Voters choose new leadership
By LPR Staff
Editor/POST-REGISTER
Voters in both the Lockhart Independent School District and in Martindale made their voices heard during Saturday”s elections.
Three at-large seats on the LISD Board of Trustees were on the ballot this term. Elected trustees John Flores and Dennis Placke both chose to run for reelection, while Alan Fielder, appointed las
t year to fill an unexpired term, opted not to run for election.
Each district voter was able to cast up to three votes, one for each available seat.
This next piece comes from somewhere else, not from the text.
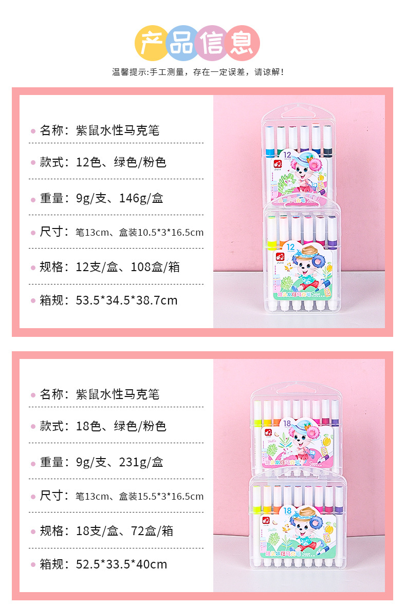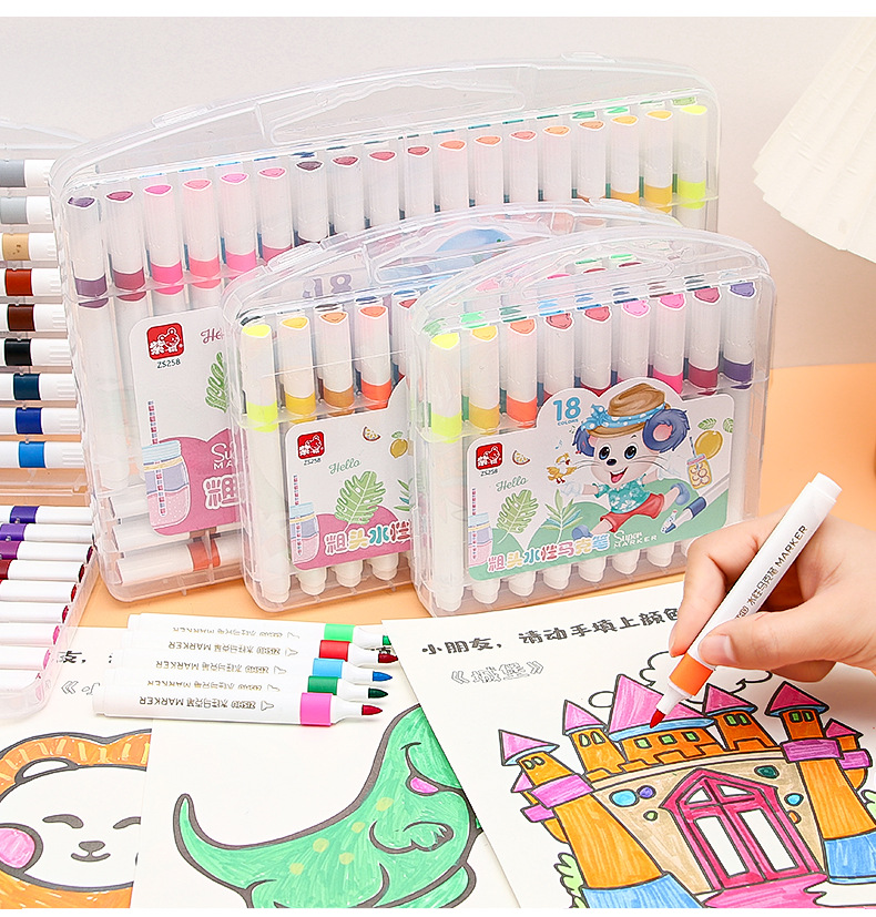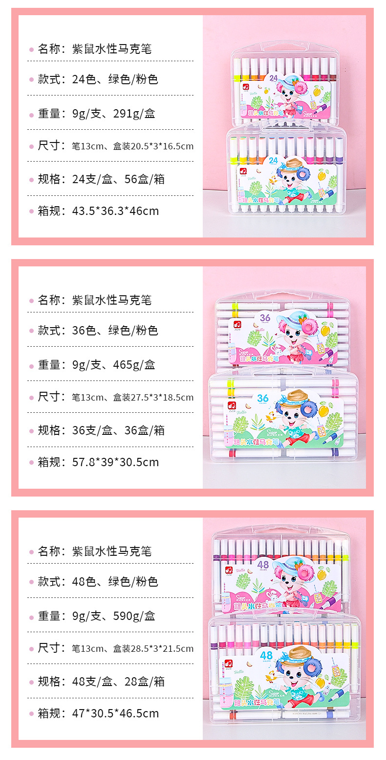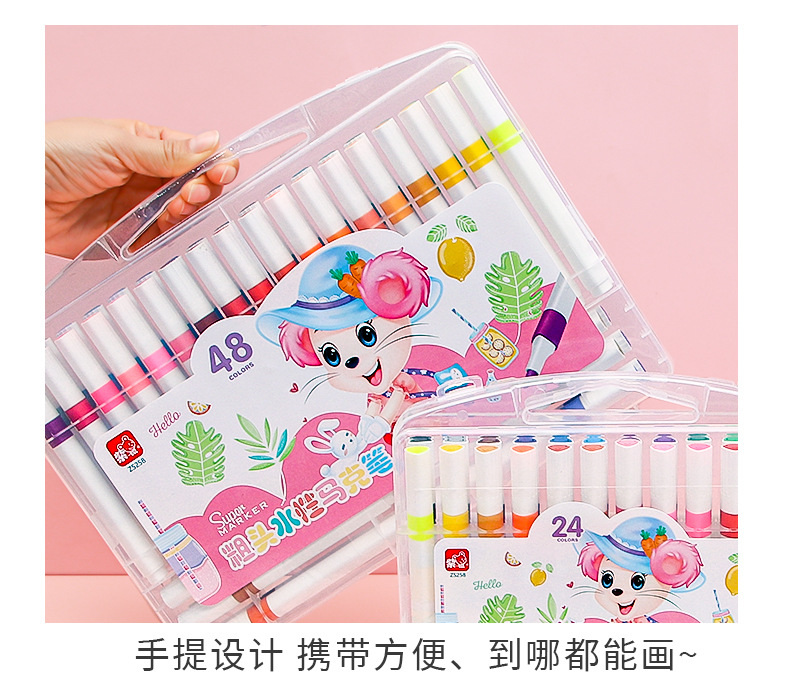 Nuevo marcador a base de agua de gran capacidad para el arte de los niños de jardín de infantes 24 colores 48 colores pluma de color de cabeza suave al por mayor

Still, only a total of 3,008 votes were cast, meaning only about 1,000 of the district”s nearly 12,000 voters made it to the polls.
First-time political candidate Juan Alvarez, Jr. earned a seat on the board by a resounding margin, earning 891 votes, nearly 30 percent of the total.
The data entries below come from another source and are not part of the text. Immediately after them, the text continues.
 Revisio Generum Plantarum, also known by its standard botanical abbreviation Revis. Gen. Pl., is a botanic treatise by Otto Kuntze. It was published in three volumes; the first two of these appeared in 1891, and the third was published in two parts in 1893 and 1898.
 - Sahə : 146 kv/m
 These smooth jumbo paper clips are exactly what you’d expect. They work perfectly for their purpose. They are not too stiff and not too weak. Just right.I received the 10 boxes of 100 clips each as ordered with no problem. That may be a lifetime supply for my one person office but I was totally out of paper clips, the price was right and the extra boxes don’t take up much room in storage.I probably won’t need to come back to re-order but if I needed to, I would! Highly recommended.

John Manning followed Alvarez, securing a seat on the board with 703 votes.
Flores, the sitting board president, was reelected to his at-large position with 661 votes, around 22 percent of the total turnout.
Placke received 16 percent of the vote, losing the seat to which he was elected in 2003.
The final two candidates, Ermine Carter and Rose Dunn-Turner earned 155 and 110 votes respectively.
The vote will be officially canvassed and newly elected members sworn into service during the regular LISD Board of Trustees meeting on Monday, May 22 at the Lockhart High School Conference Center.
In Martindale, a hotly-contested City Council election ended with three virtual landslide victories and two incumbent councilmembers being unseated.
The incumbents, Eugene Cox and Elida De Leon, along with their spouses, Place 4 candidate Nancy Reyes-Cox and seated Place 5 Councilmember Chris De Leon (who was not up for re-election), were at the center of a controversy during this election. Some Martindale residents expressed concern about the possibility of having two married couples occupying four of Martindale”s five city council seats.
The voters spoke to that and other concerns en masse.
Cox lost his Place 1 seat to Les Harrison, who dominated the race, earning more than 70 percent of the vote.
E. DeLeon also lost her seat, earning 86 votes to Dorothy Jo Hardwick”s 173.
Reyes-Cox competed with Karen Linebarger for the Place 4 seat. Linebarger won with 177 votes, about 69 percent of the total.
Four provisional votes were returned to the election judge for confirmation, and the official results of the election will be canvassed on Tuesday, May 23 during a special meeting of the Martindale City Council.